Placement matters. Keywords in a generic "Skills" list score less than the same keywords demonstrated in Experience bullets — recruiters look for evidence of use, not just declaration. An ATS that ranks by TF-IDF will also reward placement in multiple sections.

Density without stuffing. Natural integration, not a keyword salad. Repeating the same keyword six times in a bullet is penalised.

C) Skills — 0 to 25

  • Every required hard skill named in the JD must appear explicitly in the resume.
  • Proficiency / years signal (e.g. "5+ years of Python") when the JD requests one.
  • Soft skills must be backed by evidence in experience bullets — "strong communicator" alone scores zero; "presented quarterly roadmap to 3 VPs" scores.
  • Tool-chain completeness: if the JD says "React, TypeScript, Node, AWS", all four should be findable, not just two.

D) Experience — 0 to 15

  • Years match. Does the candidate meet or exceed the JD's minimum years?
  • Seniority signals. Verbs like led, owned, architected, managed X people, drove are expected at mid/senior level.
  • Every bullet follows the formula: strong action verb + what was done + how + a quantified result (%, €, $, time saved, users, scale). A bullet without numbers loses points.
  • Progression. Increasing responsibility across roles should be visible chronologically.
  • Relevance. Experience in unrelated industries is worth less than directly-applicable experience, regardless of seniority.

E) Format — 0 to 10

ATS parseability is make-or-break — a beautiful PDF with text in columns can score zero on real ATSes.

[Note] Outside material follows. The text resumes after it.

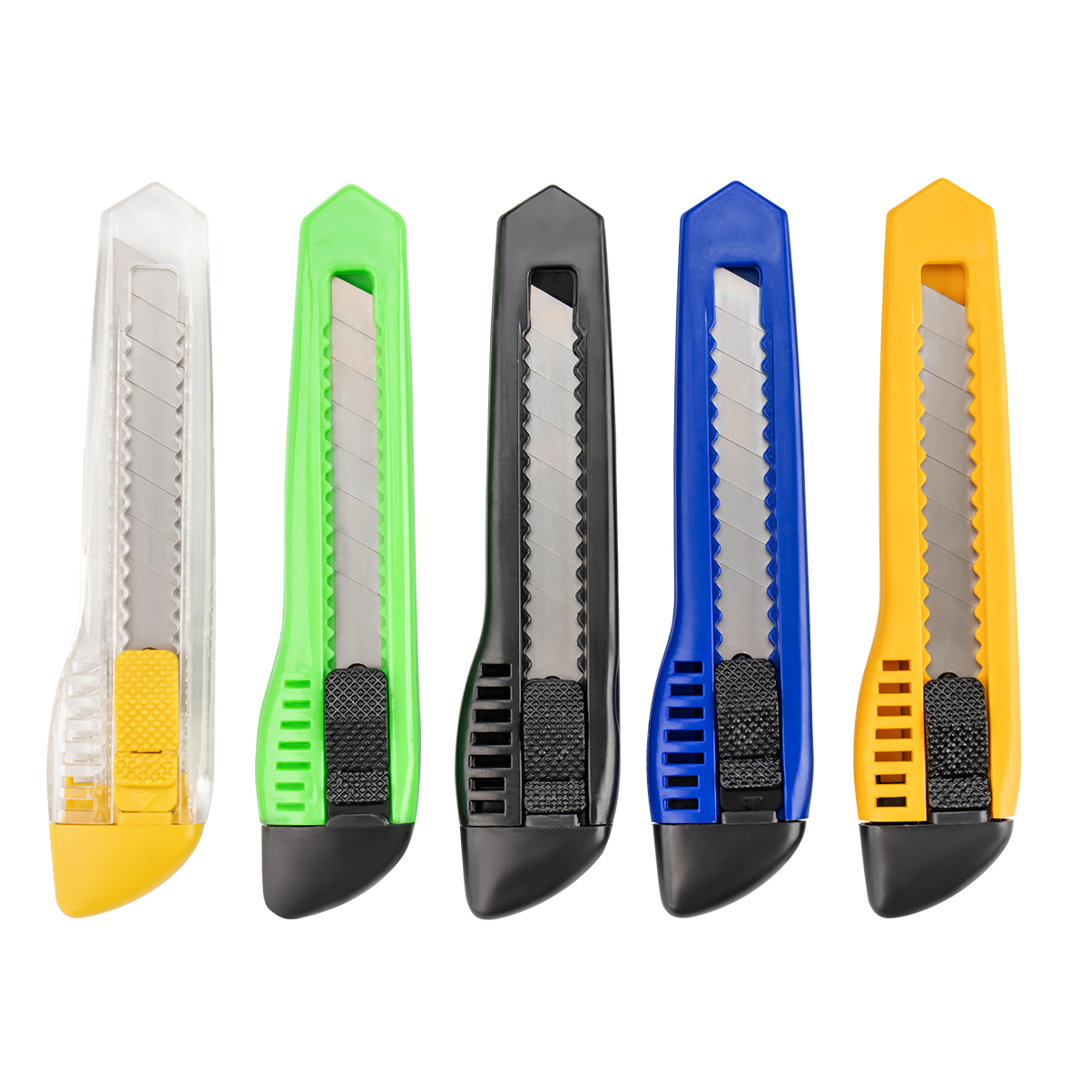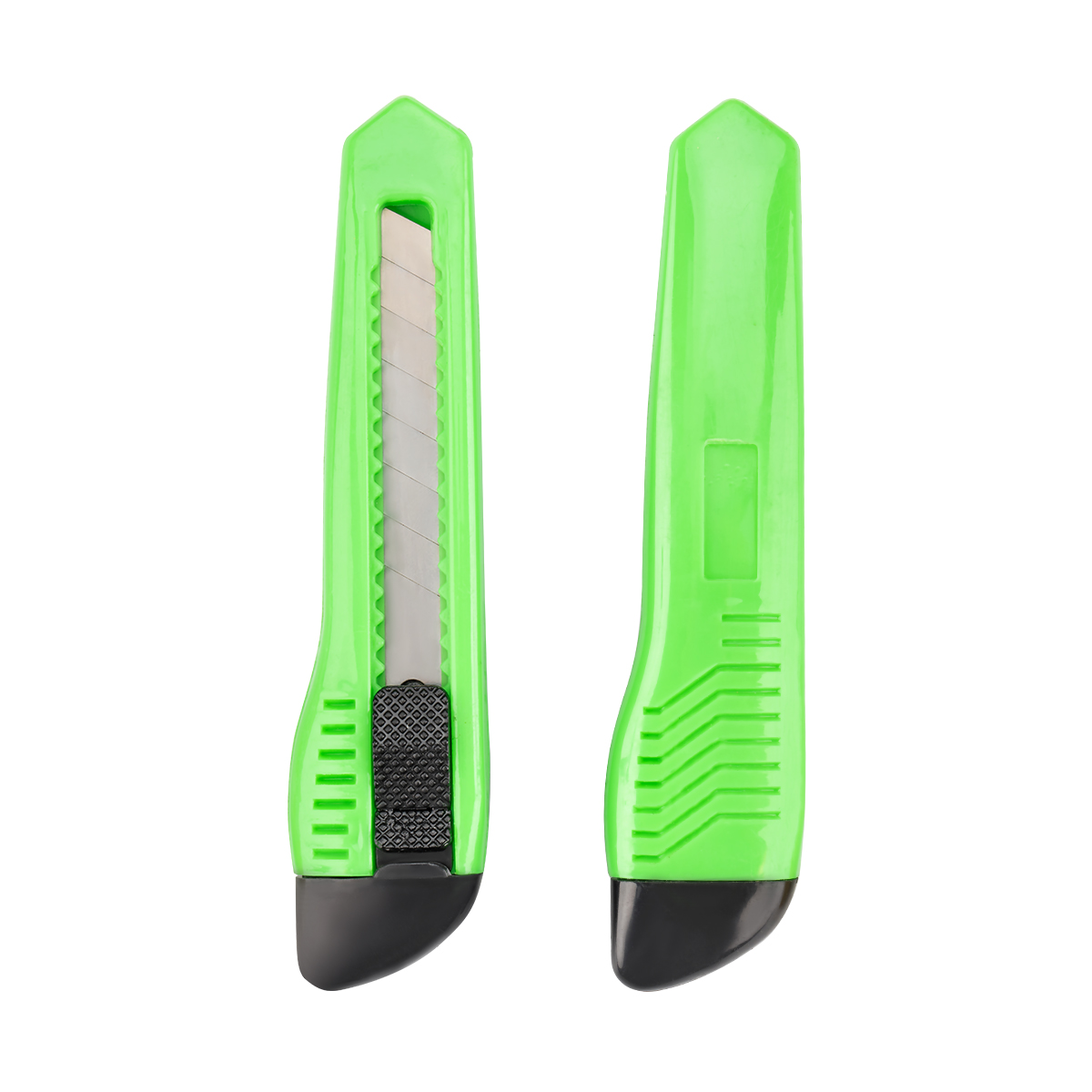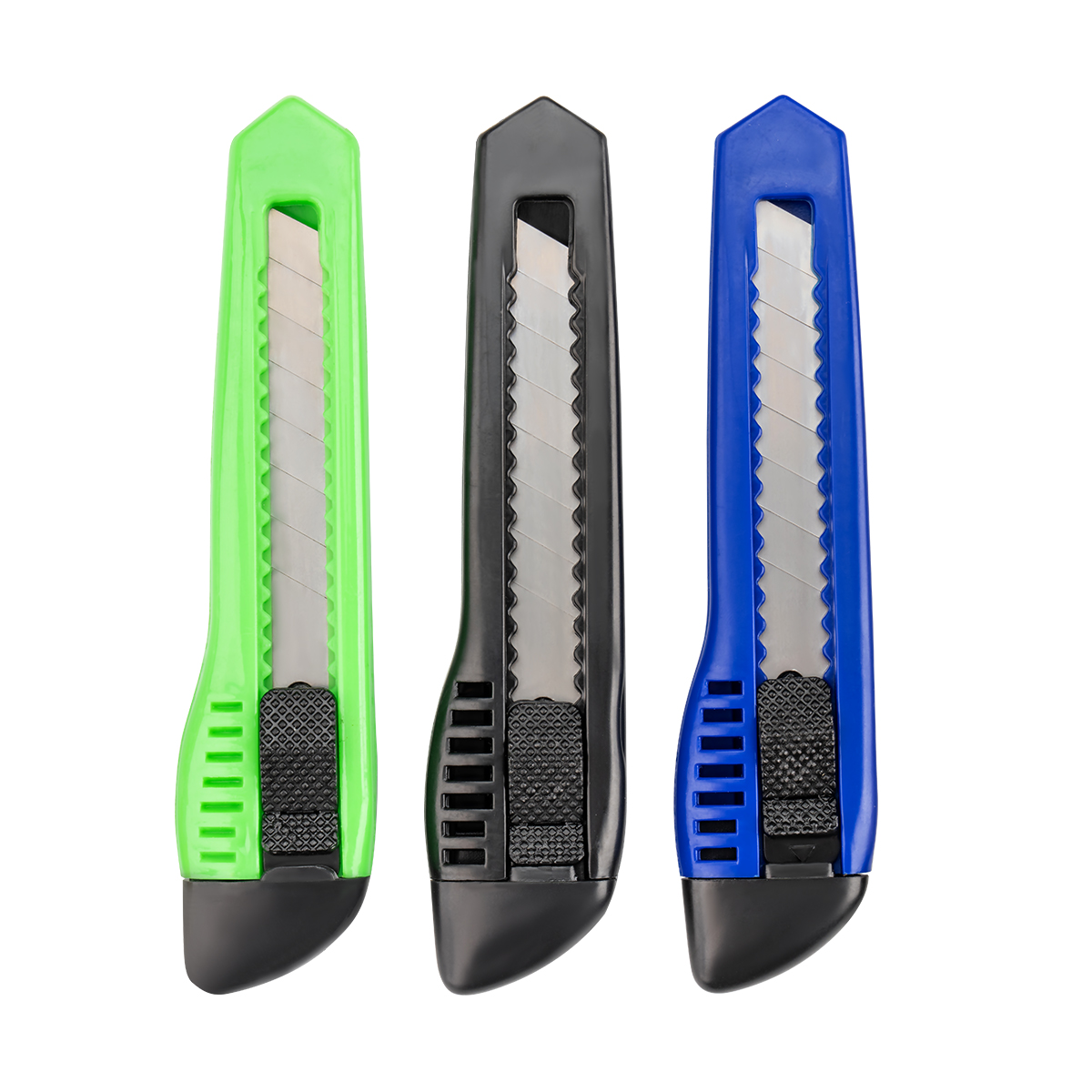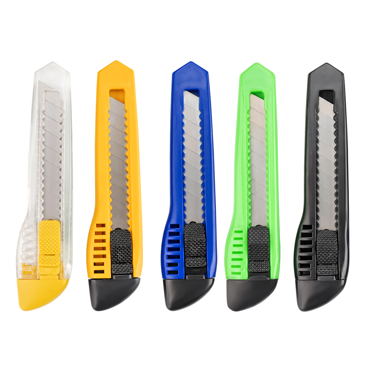 Il coltello da 18 mm CX-802 da 18 mm presenta una lama ultra-affilata ottimizzata per un taglio efficiente. Misurando 18 mm, taglia rapidamente attraverso carta, stoffa, gomma e altri materiali, fornendo tagli puliti e senza bara. La maniglia, realizzata in plastica innovativa, vanta un design ergonomico e snello che si adatta perfettamente alla mano. La sua trama anti-slip fornisce una presa sicura. Il meccanismo di bloccaggio manuale garantisce la sicurezza prevenendo lo spiegamento accidentale della lama. Ideale per designer professionisti, appassionati di artigianato e studenti, questo strumento versatile autorizza la creatività e eleva i progetti.

  • Clean, standard section headers: SUMMARY / EXPERIENCE / EDUCATION / SKILLS / CERTIFICATIONS / LANGUAGES.
  • Reverse-chronological order within each section.
  • Consistent date format (MMM YYYY – MMM YYYY or Present).
  • A contact block at the top with email, phone, city/country, LinkedIn.
  • No tables for layout, no text columns, no headers/footers, no images, no text boxes, no icons — all of these confuse ATS parsers.
  • Appropriate length (one page for <10 YoE, two for senior).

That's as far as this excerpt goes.